Woodside Petroleum and partners including Royal Dutch Shell and BP scrapped plans to develop the $40bn Browse liquefied natural gas project in Australia after the plunge in oil and gas prices.
Australia’s second-largest oil and gas producer won’t go ahead with the floating LNG development after completing engineering and design work, the Perth-based company announced yesterday. Citing an “extremely challenging” market, Woodside said the Browse venture will prepare a new plan and budget for developing the gas resources off Western Australia.
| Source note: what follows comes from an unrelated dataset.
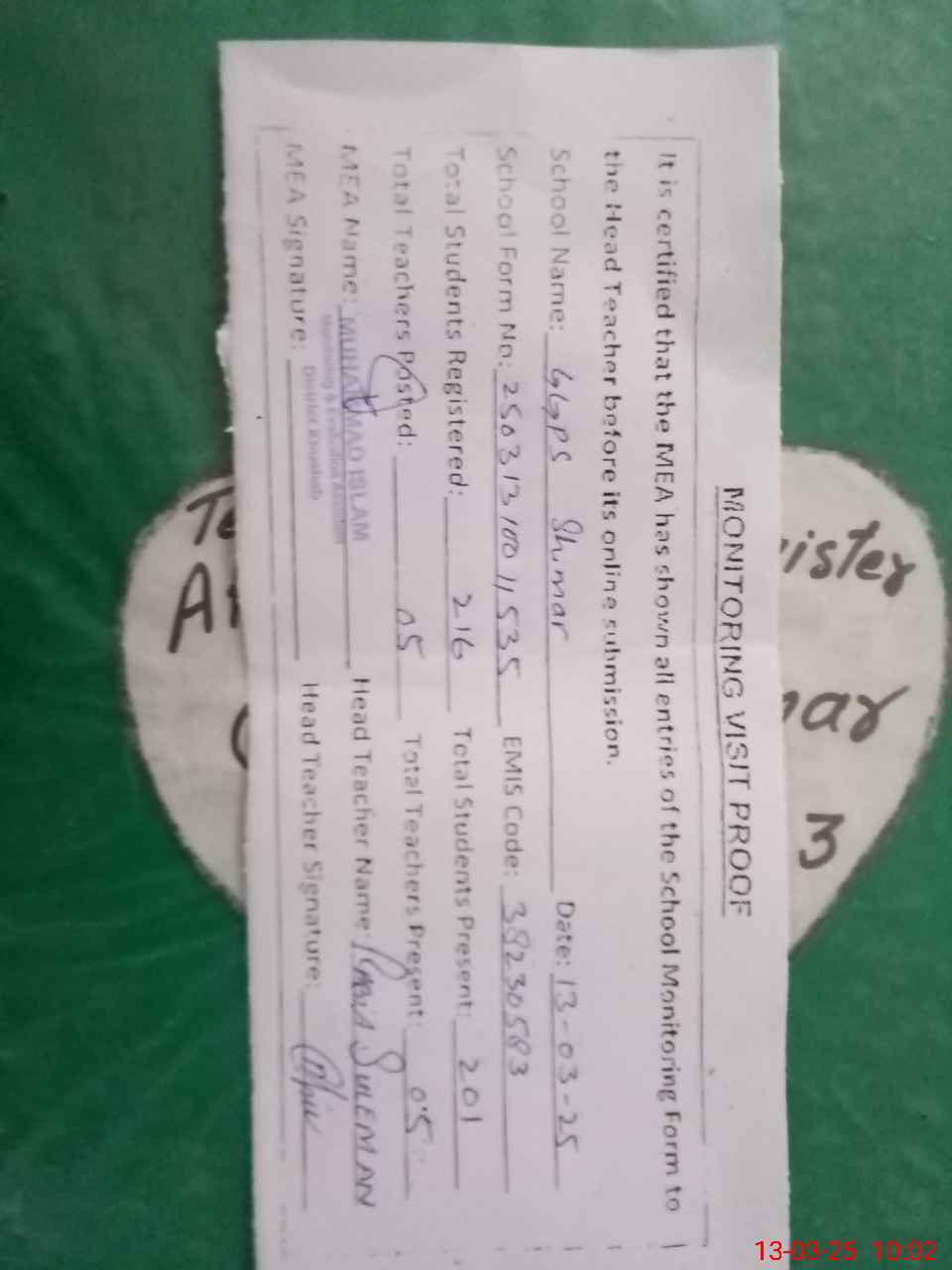 | EMIS Code: 38230583 | Name of School: GGPS SHIMAR | |||

More than $400bn of proposed energy projects have been delayed since mid-2014 and pushed into 2017 and beyond as oil prices slid about 60% in the past two years, according to consulting firm Wood Mackenzie. The LNG market in particular is facing an oversupply as US exports add to a wave of shipments from Australia.
“We’ve got a glut of LNG at the moment and a large number of potential projects out there,” Neil Beveridge, a Hong Kong-based analyst at Sanford C Bernstein & Co, said yesterday by phone. “The interesting question for Woodside is, ‘What will they do next?’ This removes an organic growth driver.”  Woodside had intended to make an investment decision on Browse in the second half of 2016, relying on LNG technology to process the gas offshore. The company said last month that the project needed further cost reductions and didn’t have any firm sales. The floating LNG project would have cost 35% less than a previous plan to develop Browse with an onshore plant in Western Australia, Woodside chief executive officer Peter Coleman said in a phone interview. That original project was estimated to cost more than A$80bn ($61bn). “It’s very, very difficult for us to invest in this price environment,” he said.
The move by Woodside raises questions about the viability of other large LNG projects waiting to be developed, including ventures in Canada and Mozambique and floating LNG proposals in particular, Beveridge wrote in a report.
Mark Wiseman, a Sydney-based analyst at Goldman Sachs Group, wrote in a report last month that at current oil prices Browse was “highly unlikely” to make significant progress towards approval. Shares in the company dropped 0.9% to close at A$27.13 in Sydney, taking their decline this year to 5.5%.